Using google with the search terms: "vhdl d flip flop with reset" you should get this link near the top:

http://www.asic-world.com/examples/vhdl/d_ff.html

(note: I'm specifically making this link none clickable in the hopes that you will try performing the search yourself on google using the given search terms, since the use of LMGTFY links seem to be currently frowned upon )

Examine the example code on that asic-world link and compare it to the enable code given in both #6 & #7. You should be able to recognize why you can extrapolate the clear version from the enable version. If not then you probably need to study the LRM and/or a VHDL book and really learn the syntax of the language instead of just looking at a bunch of code snippets on the internet.

 

[ah2007]

74)this is the function table (SN74)

inputs output
____
clear clock D Q
L X X L
H rising edge H H
H rising edge L L
L L X Q0

 

[FvM]

The last line is wrong. Please reconsider.

 

[ah2007]

the last line is
____
clear L
clock X
D X

And Q Output is c Q0

............inputs..................................output
clear................clock............... D............Q
L ......................X...................X............L
H..................rising edge...........H............H
H..................rising edge...........L.............L
L.......................L...................X............Q0

 

[D.A.(Tony)Stewart]

There is no Clear input only C enable low.

 

[ah2007]

not the same

please click on this

 

[ah2007]

I mean HEX D flip flops with clear.... not d-type flip flop register with clock enable not the same

 

[FvM]

No idea who originates the table in your post, but it's definitely wrong, because line 1 and line 4 are mutually exclusive.
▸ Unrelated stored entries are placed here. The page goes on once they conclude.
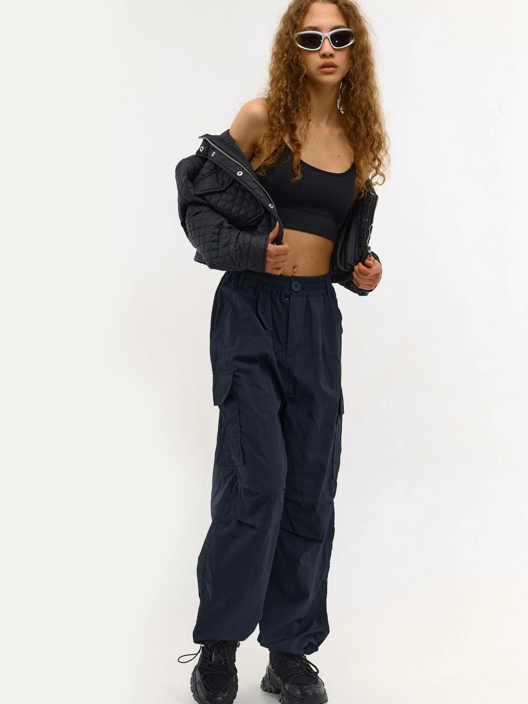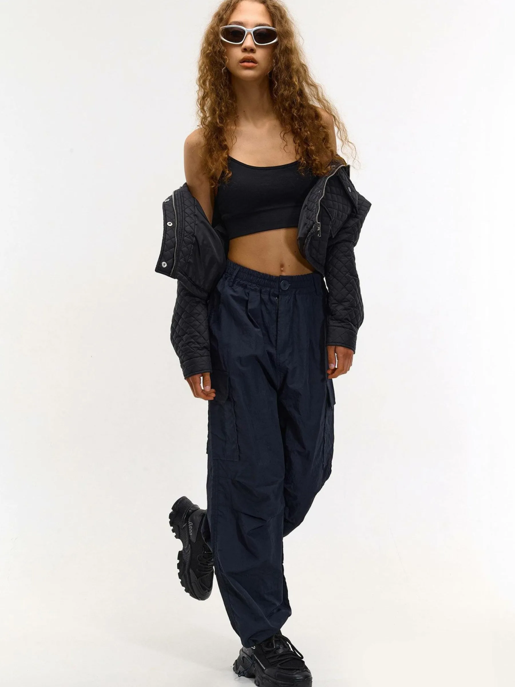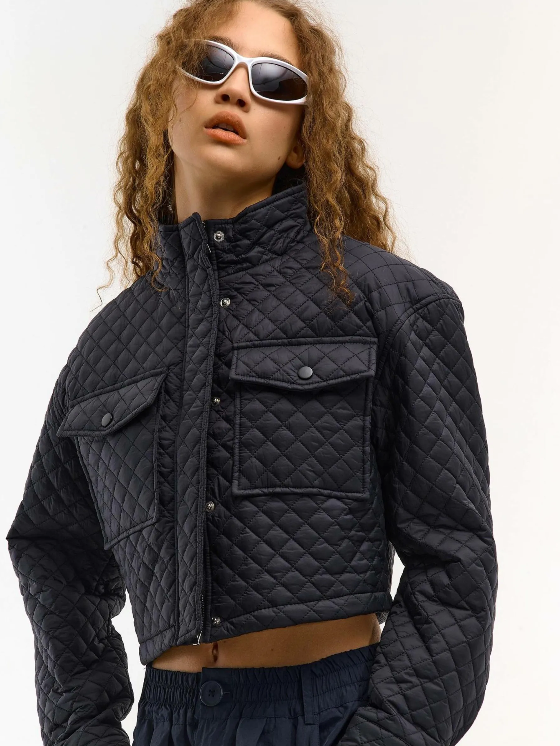 Kolor: czarnyKrój: regular, pikowaneTyp: kurtka przejściowaRekaw: długi rękawDługość: krótki topPattern style: p…
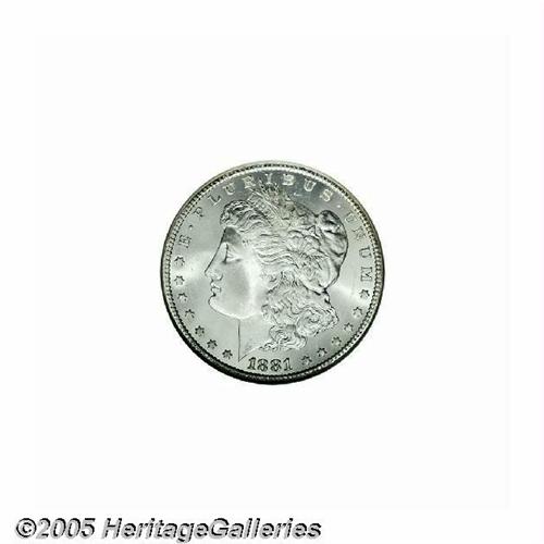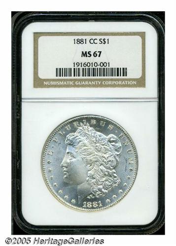 <B>1881-CC<S$1> MS67 NGC.</B></I> A brilliant and semi-prooflike Superb Gem, nicely struck and void of relevant marks. The 1881-CC is a perennial favorite among collectors; due to its Carson City origin, its mintage below 300,000 pieces, and its availability in attractive Mint State grades, courtesy of the GSA hoard.
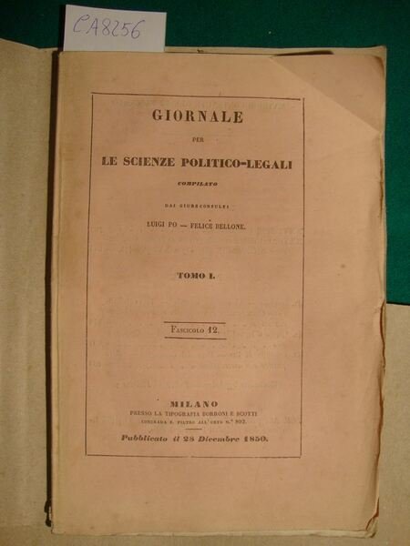Giornale per le scienze politico-legali compilato dai giureconsulti Luigi Po - Felice Bellone - Tomo I - Fascicolo 12 | Livres anciens et modernes | Po Luigi - Bellone Felice
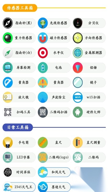 一个工具箱app,堪称备受青睐的手机工具箱类软件。在这款软件中,为用户精心准备了众多日常实用的小工具,而且全部免费。所有工具无需下载,在线就能使用,像指南针、手电筒、计算器、扫描仪、翻译器等各类工具应有尽有。要是你想用什么工具,直接搜索就行。不仅如此,该软件内存极小,使用起来极为便捷。有需求的小伙伴,赶紧来下载吧!
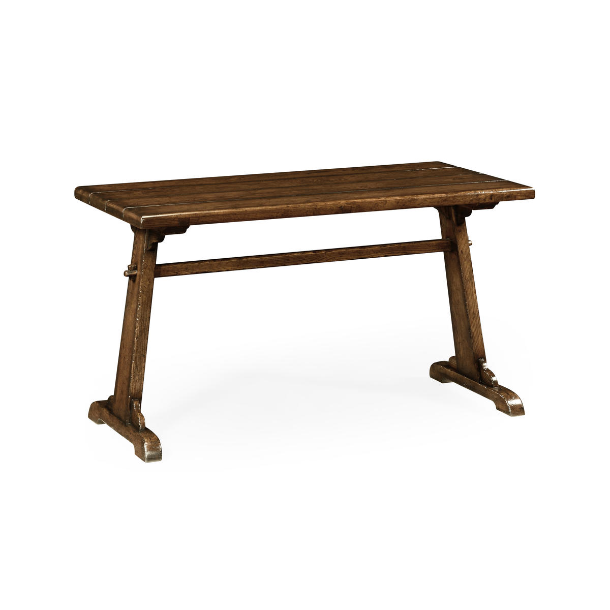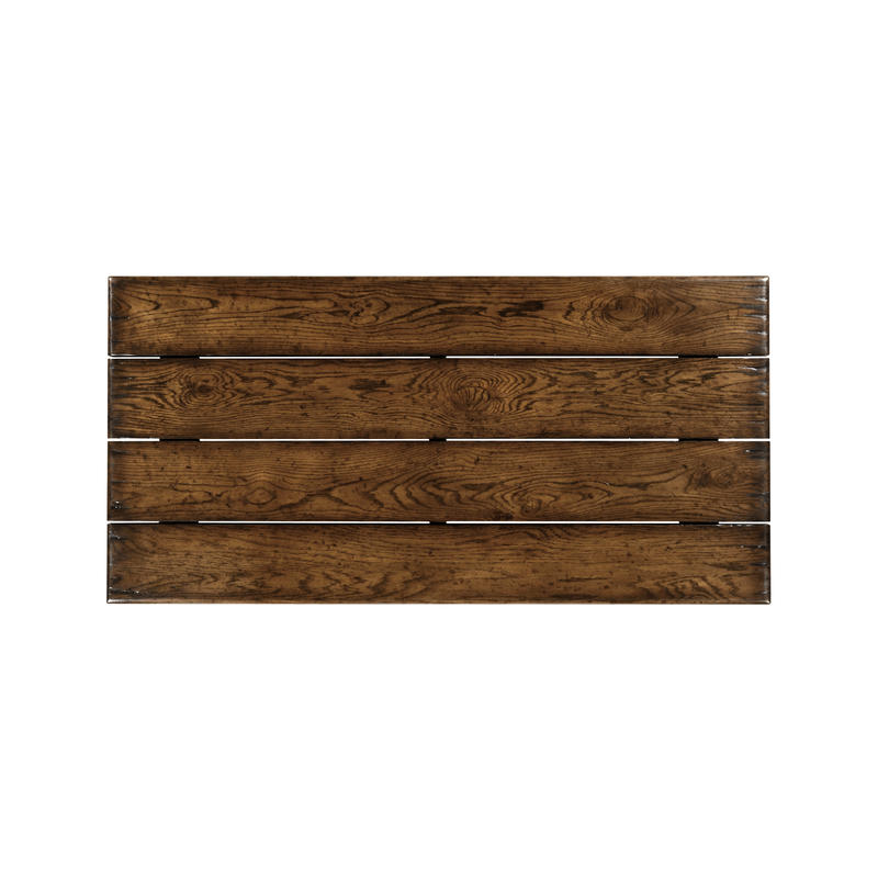 Distressed country style dark oak dining table the planked top set over sled type feet. Perfectly matches the 494441 bench. (Old salescode: 494440)

Wrong clear polarity.

Please compare with an original xx74 document:

I mean HEX D flip flops with clear.... not d-type flip flop register with clock enable not the same.

Yes. I'm completely with ads-ee in this regard

You should be able to extrapolate how to write a hex D-FF with clear instead of an enable from post #6 or #7. If you can't then you could perform a search on google.